Tuesday, December 12, 2023

Tuesday TV Touchbase: Deadloch & Invincible

Before I get into today's Tuesday TV Touchbase, let me share a thought on Norman Lear who died last week at the age of 101. 

As a child of the 1970's, I was frequently confronted by Lear's TV shows All in the Family, Maude, Sanford and Son, One Day at a Time, The Jeffersons and Good Times. I can't say I was a fan but as a naive and sheltered kid, I think a lot of the political and social themes went over my head. People tended to yell a lot on Norman Lear shows.  

My mom was a fan of Good Times (people who were actually poorer than us) and The Jeffersons (George Jefferson might have been richer than us with that "deluxe apartment way up in the sky" but he wasn't better than us.) 

I remember an episode of The Jeffersons where George performs CPR to say the life of a white supremacist. When learning a black man saved his life, the guy says "You should've let me die".  Meanwhile, the man's son is grateful to George for saving his father's life. 

The older generation may not learn to let go of hate and ignorance but the next generation will learn to be better.   

So I guess not all of the political and social themes went over my head after all.  

On to this week's Touchbase.


As I have written about before, I have followed crime shows set in or around Australia such as Ms. Fisher's Modern Murder Mysteries and My Life As Murder (which has been renewed for a 4th season).   

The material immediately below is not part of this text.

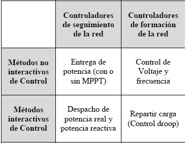 En [12], se presenta una clasificación de técnicas de control aplicables a microrredes en el que se establece una categorización general de las funciones de control para los DER, en el que se presenta una división entre control de seguimiento de la red y control de formación de la red, así como también entre estrategias interactivas y no interactivas.

I've recently started watching another Australia set crime show on Amazon Prime called Deadloch.  Cross Broadchurch (a buccolic village rattled by murder) and The L Word (most of the characters are lesbians).  

Deadloch is a quiet little town off the coast of Tasmania which wants to be a little less quiet as it gears up for the annual Winter Feastival, a celebration of local art, cuisine and culture.  

Then the murders began. 

It begins with a naked dude who washes up dead on the beach with his tongue cut out and his penis is on fire.  

Then another body turns up. Then another. And another. 

All dudes. 

Deadloch police sergeant Dulcie Collins is trying to be professional and methodical about this. But she gets saddled with an out of town detective named Eddie Redcliffe. Eddie is brash, reckless, loud, NOT at all professional and methodical, her clothes are always dirty and you can tell through the TV screen she smells bad. Eddie keeps trying to rush the case to a conclusion because she wants to get the hell out of Deadloch. 

As if the murders and the badly behaving "detective" whose making things worse weren't enough, Dulcie has to deal with her wife Cath who is needy, clingy and possessive. Despite dealing with a possible serial killer eating up Dulcie's time, Cath still insists on her wife participating in Feastival activities like the town choir's performance of "I Touch Myself".

Yes, there is a choral arrangement for the Divinyls' ode to self pleasure.

And here it is.


 As I write this, I'm through 3 episodes where we finally get to a point where we find out why Eddie is such a blustery and foul smelling mess and maybe, just maybe she'll start listening to Dulcie.  

Deadloch is a potent mix of quirky characters in a town that is hiding more secrets than one might expect for a small quiet town. Like which one of them is a serial killer.

While I'm over there on Amazon Prime, I'm catching up season 2 of Invincible. In the aftermath of season 1 where Mark Grayson got the crap beat out of him by his father Omni Man who is NOT the the world protecting savior he claimed to be but is the forerunner of an alien invasion, Mark and his mother Debbie are experiencing a lot of PTSD but not exactly coping well with it. 

Debbie has descended into a drunken spiral of depression. Mark is working extra hard to stay busy, offering up Invincible to work for Cecil Stedman's Global Defense Agency while Mark graduates from high school and goes off to college. 

Or drops all that to go save an alien race only to find the ruler of that race is... Omni-Man.

Then things get really complicated. 

What makes Invincible unique is that while it looks like a classic brightly colored super hero story, there is an attention to detail. Super powers hurt and not just the physical stuff like bloody broken bodies and collateral property damage but they can cause pain mentally, emotionally.  The consequences of being a super hero are real and devastating to both the person with powers and to those in their orbit as family, friends and lovers. Invincible explores those consequences.  

That's 4 episodes of season 2 of Invincible when another set of 4 set to drop sometime in 2024.  

And that is that for this week's Touchbase.